Trust and Acceptance of Adaptive and Conventional Collision Avoidance Systems

Abstract

A simulator driving experiment was conducted to test the implementation of an adaptive driver support system for avoiding collisions caused by hazardous lane changes. Conventional (nonadaptive) collision avoidance systems with fixed function allocation might be effective from a safety perspective, but they are not always desirable from human factors perspective due to problems related to performance, trust, and acceptance. We therefore propose an adaptive collision avoidance system to provide support depending on the situation in consideration of the driver’s ability to handle the situation and the time to collision.

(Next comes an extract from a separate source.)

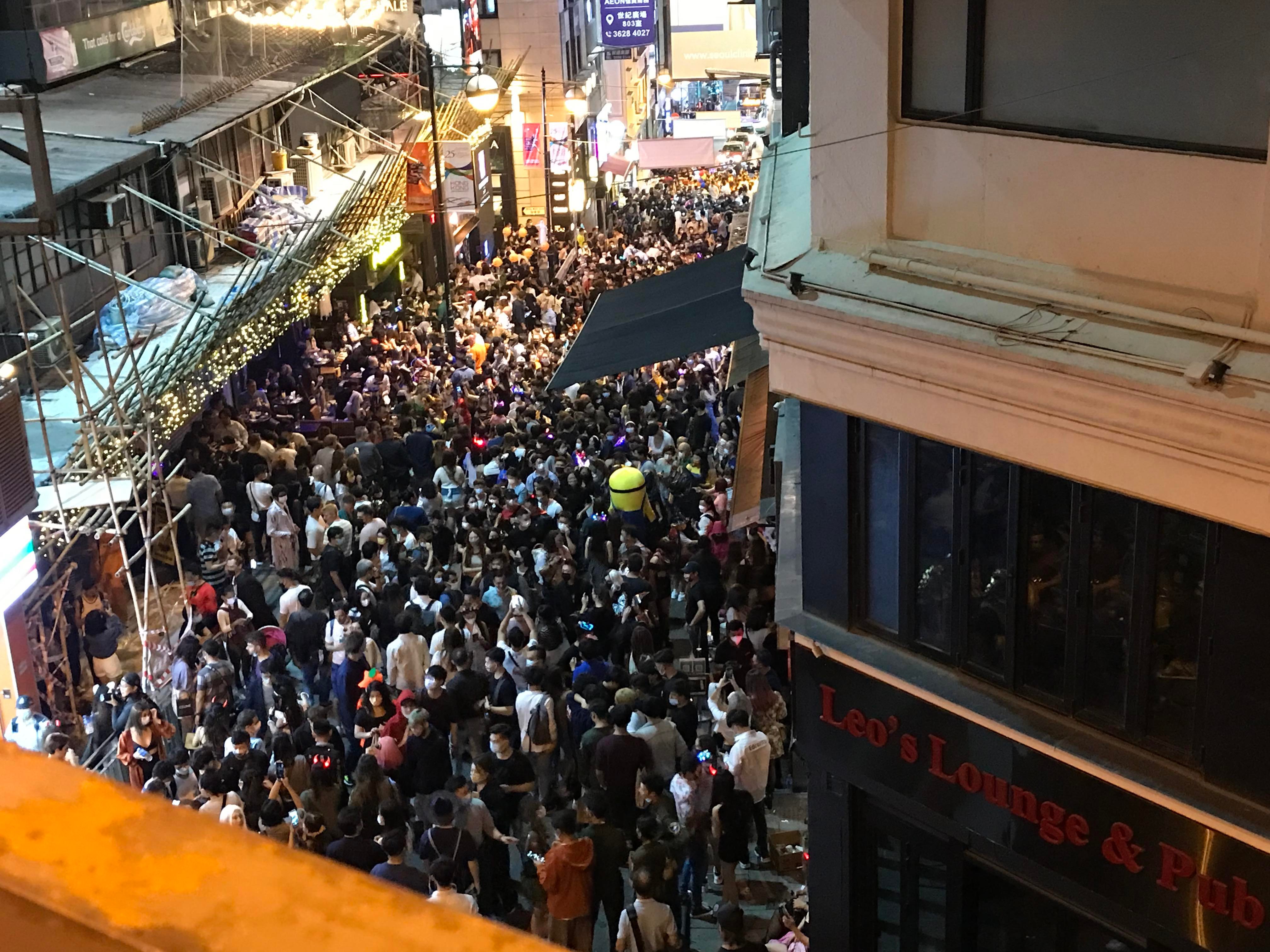 警方中區警區助理指揮官(行動2)周詠儀警司表示,蘭桂坊一帶多斜路樓梯,不希望市民於現場過份停留聚集產生危險,明白人流管制下市民需要多行一步或輪候進入,希望市民體諒。

Four driving modes were compared: no support, a haptic shared steering control system with an adaptive haptic authority based on time to collision, a cooperative steering control system that decoupled the driver’s steering input and controlled the vehicle’s direction temporarily, and an adaptive steering control system in which both haptic and cooperative control systems were integrated to provide different automated interventions at the steering wheel depending on the situation. The simulation participants were subjected to various potentially hazardous lane change maneuvers that provided significant differences in their abilities to perceive the risk and handle the situation. Compared to the no-support condition, all systems were more effective in accident prevention. The adaptive system was more effective than the haptic system and less effective than the cooperative system in terms of safety. However, driver performance, trust, and acceptability were significantly improved with the adaptive system compared to the nonadaptive systems.